## Aim of the exercise:
Below are the records; repeat exactly their lines between the line holding "Dior Hat Letter" and the line holding "景天科风车草属。有桃蛋(桃之", inclusive, skipping the pictures.

Dataset records
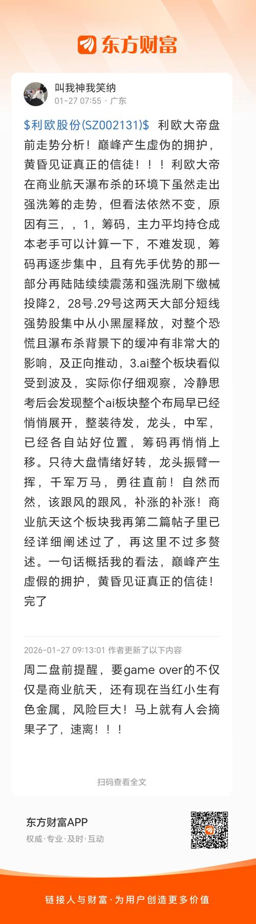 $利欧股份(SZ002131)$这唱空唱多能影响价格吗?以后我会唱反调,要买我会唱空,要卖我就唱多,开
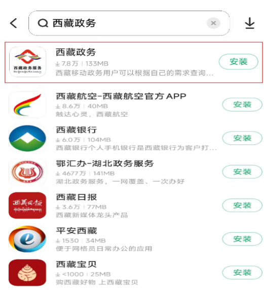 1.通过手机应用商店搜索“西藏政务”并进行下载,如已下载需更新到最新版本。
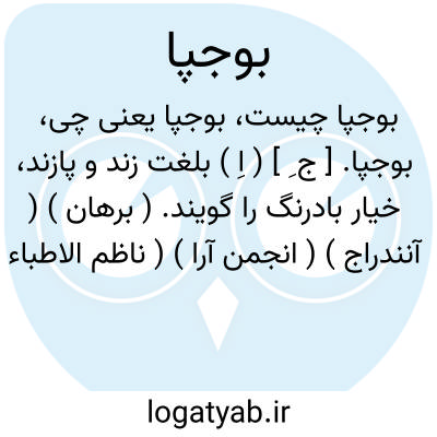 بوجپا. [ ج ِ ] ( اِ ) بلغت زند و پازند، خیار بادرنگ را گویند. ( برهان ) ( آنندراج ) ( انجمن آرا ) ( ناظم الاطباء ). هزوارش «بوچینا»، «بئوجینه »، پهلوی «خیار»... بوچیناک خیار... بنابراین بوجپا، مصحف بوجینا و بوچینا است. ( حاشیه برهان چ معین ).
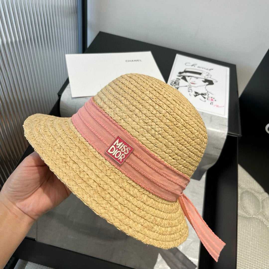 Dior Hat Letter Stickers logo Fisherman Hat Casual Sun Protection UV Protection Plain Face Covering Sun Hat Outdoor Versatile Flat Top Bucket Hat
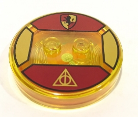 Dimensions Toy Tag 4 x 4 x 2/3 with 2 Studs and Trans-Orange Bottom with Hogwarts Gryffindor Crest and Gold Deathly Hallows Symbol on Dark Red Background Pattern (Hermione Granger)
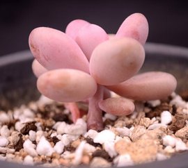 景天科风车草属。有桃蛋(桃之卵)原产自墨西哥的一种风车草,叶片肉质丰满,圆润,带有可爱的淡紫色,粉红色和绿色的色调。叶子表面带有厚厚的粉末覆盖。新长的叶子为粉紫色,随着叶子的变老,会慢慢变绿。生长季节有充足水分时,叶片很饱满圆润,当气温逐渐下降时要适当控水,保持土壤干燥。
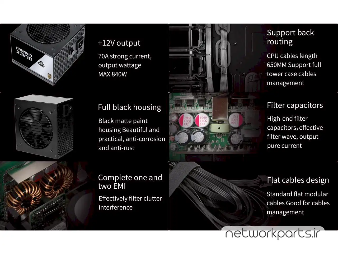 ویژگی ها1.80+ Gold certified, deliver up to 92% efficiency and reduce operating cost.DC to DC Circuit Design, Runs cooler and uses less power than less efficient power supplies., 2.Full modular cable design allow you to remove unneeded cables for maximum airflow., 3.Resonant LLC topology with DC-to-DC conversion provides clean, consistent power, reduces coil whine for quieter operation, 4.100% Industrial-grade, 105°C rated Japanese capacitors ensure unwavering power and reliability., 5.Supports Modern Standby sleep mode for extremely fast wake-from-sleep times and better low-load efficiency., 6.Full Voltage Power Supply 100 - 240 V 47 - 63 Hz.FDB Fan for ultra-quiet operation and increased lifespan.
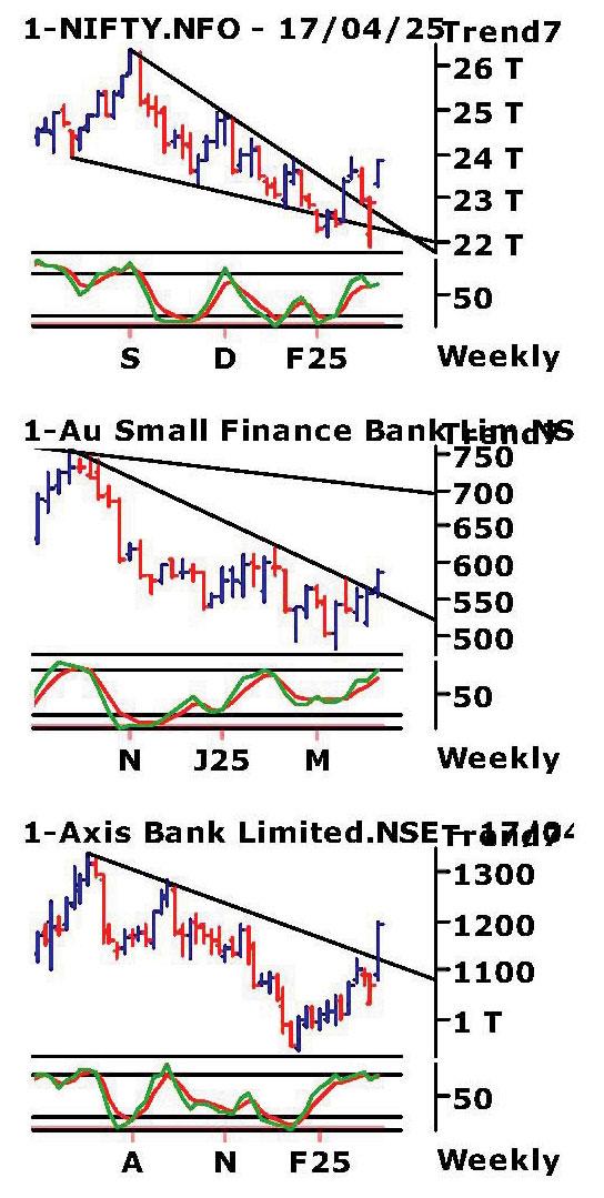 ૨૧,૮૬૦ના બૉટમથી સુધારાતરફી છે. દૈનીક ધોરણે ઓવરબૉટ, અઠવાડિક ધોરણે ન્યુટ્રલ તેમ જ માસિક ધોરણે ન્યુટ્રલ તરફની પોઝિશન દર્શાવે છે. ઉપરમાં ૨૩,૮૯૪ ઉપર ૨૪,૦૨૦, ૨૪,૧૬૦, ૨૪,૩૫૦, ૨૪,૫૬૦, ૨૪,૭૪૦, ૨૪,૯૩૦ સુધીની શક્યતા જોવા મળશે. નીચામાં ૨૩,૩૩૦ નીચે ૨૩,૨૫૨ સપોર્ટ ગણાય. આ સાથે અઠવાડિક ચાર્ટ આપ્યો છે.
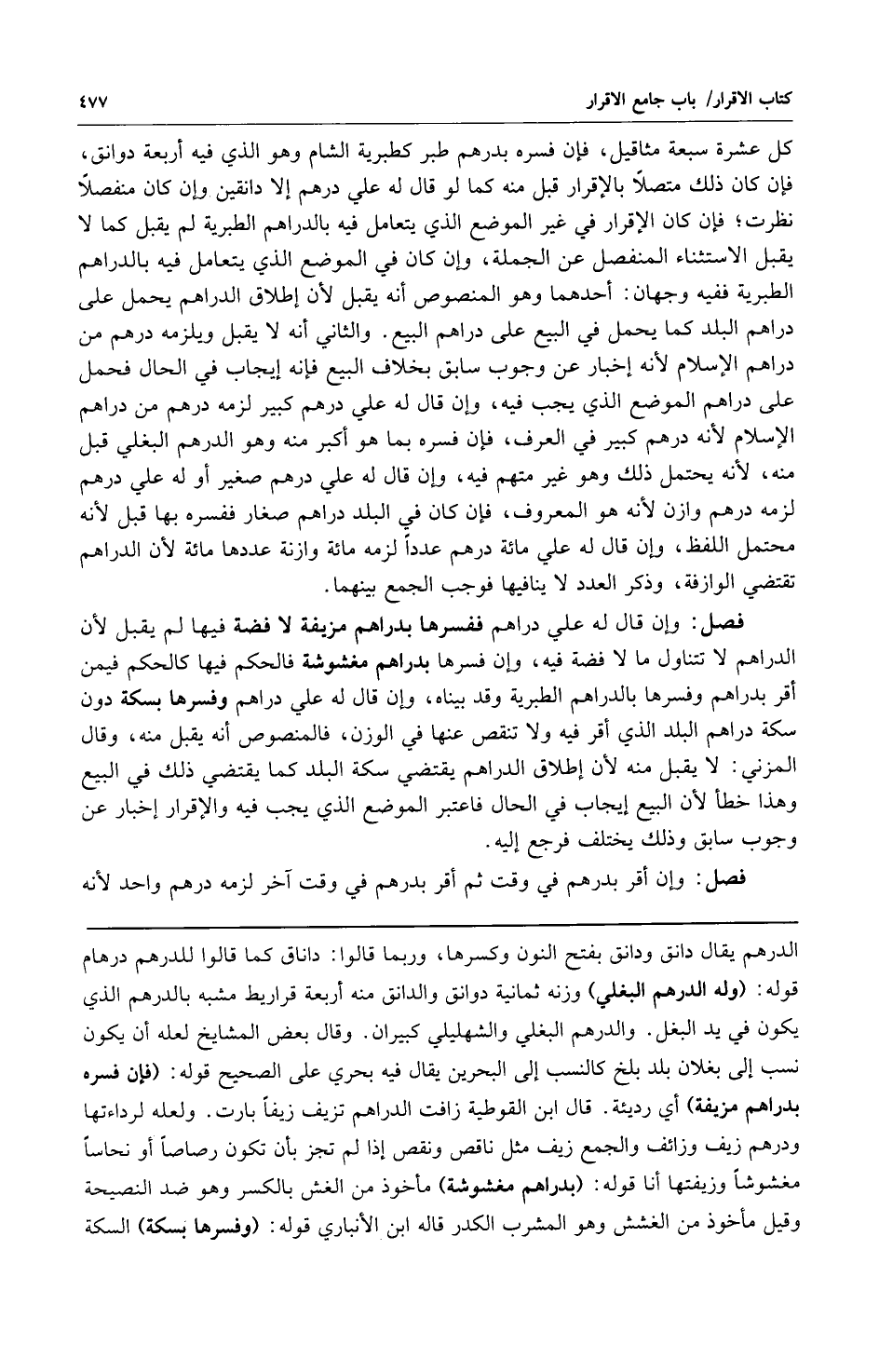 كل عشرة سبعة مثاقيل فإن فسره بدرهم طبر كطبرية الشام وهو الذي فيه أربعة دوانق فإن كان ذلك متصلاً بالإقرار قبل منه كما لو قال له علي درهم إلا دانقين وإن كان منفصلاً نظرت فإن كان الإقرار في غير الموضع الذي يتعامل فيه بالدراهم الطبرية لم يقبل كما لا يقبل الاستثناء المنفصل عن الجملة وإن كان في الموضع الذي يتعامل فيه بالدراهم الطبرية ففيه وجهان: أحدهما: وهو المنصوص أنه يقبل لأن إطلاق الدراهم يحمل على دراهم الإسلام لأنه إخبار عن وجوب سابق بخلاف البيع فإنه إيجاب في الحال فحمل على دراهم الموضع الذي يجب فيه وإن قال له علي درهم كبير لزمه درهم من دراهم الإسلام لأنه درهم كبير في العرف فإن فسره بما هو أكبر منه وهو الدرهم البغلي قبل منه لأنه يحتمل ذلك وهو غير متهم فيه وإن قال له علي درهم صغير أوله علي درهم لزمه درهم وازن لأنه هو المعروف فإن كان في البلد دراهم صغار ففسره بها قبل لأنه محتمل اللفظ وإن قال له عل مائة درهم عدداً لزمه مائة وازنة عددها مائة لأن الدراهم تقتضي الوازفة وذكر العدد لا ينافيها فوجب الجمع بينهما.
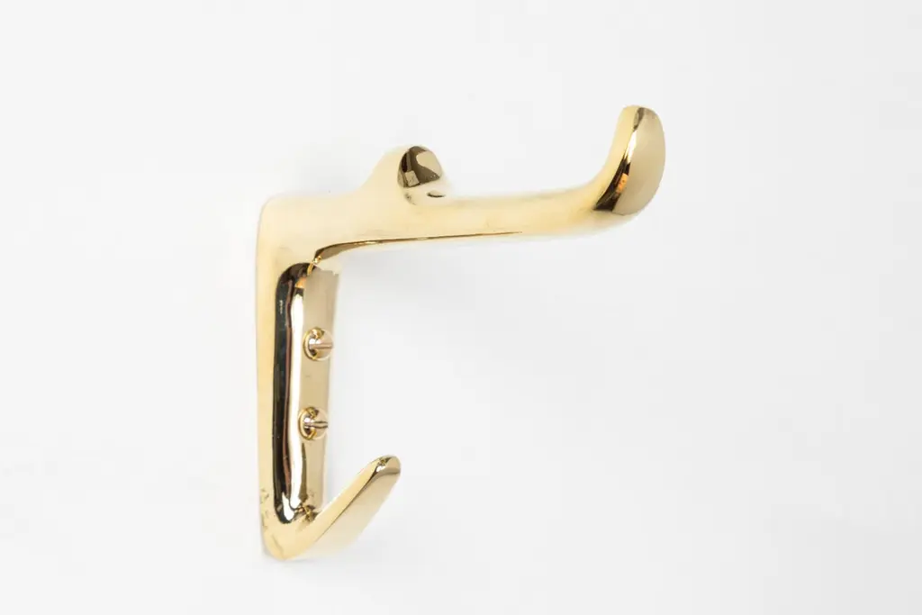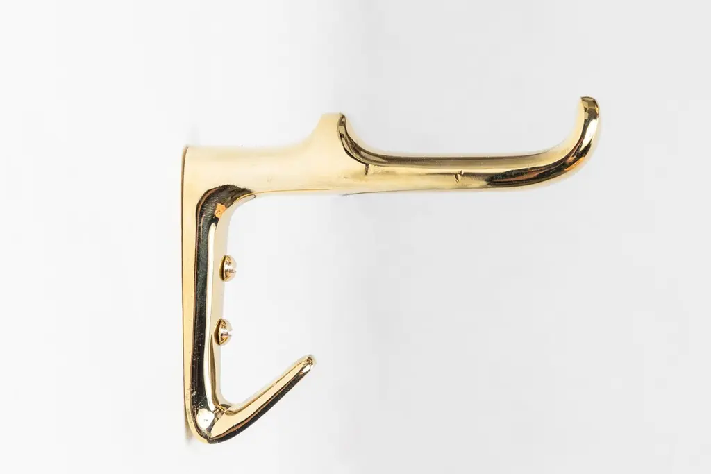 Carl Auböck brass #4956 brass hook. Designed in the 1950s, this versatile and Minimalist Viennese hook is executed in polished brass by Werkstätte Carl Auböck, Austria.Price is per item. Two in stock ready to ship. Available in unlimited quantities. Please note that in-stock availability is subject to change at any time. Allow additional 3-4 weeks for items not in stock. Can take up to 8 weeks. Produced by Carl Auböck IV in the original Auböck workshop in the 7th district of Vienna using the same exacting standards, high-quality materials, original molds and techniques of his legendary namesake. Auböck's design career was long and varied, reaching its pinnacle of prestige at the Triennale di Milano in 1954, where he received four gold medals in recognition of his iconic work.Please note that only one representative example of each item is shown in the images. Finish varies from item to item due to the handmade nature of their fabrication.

## Response area:
 Dior Hat Letter Stickers logo Fisherman Hat Casual Sun Protection UV Protection Plain Face Covering Sun Hat Outdoor Versatile Flat Top Bucket Hat
 Dimensions Toy Tag 4 x 4 x 2/3 with 2 Studs and Trans-Orange Bottom with Hogwarts Gryffindor Crest and Gold Deathly Hallows Symbol on Dark Red Background Pattern (Hermione Granger)
 景天科风车草属。有桃蛋(桃之卵)原产自墨西哥的一种风车草,叶片肉质丰满,圆润,带有可爱的淡紫色,粉红色和绿色的色调。叶子表面带有厚厚的粉末覆盖。新长的叶子为粉紫色,随着叶子的变老,会慢慢变绿。生长季节有充足水分时,叶片很饱满圆润,当气温逐渐下降时要适当控水,保持土壤干燥。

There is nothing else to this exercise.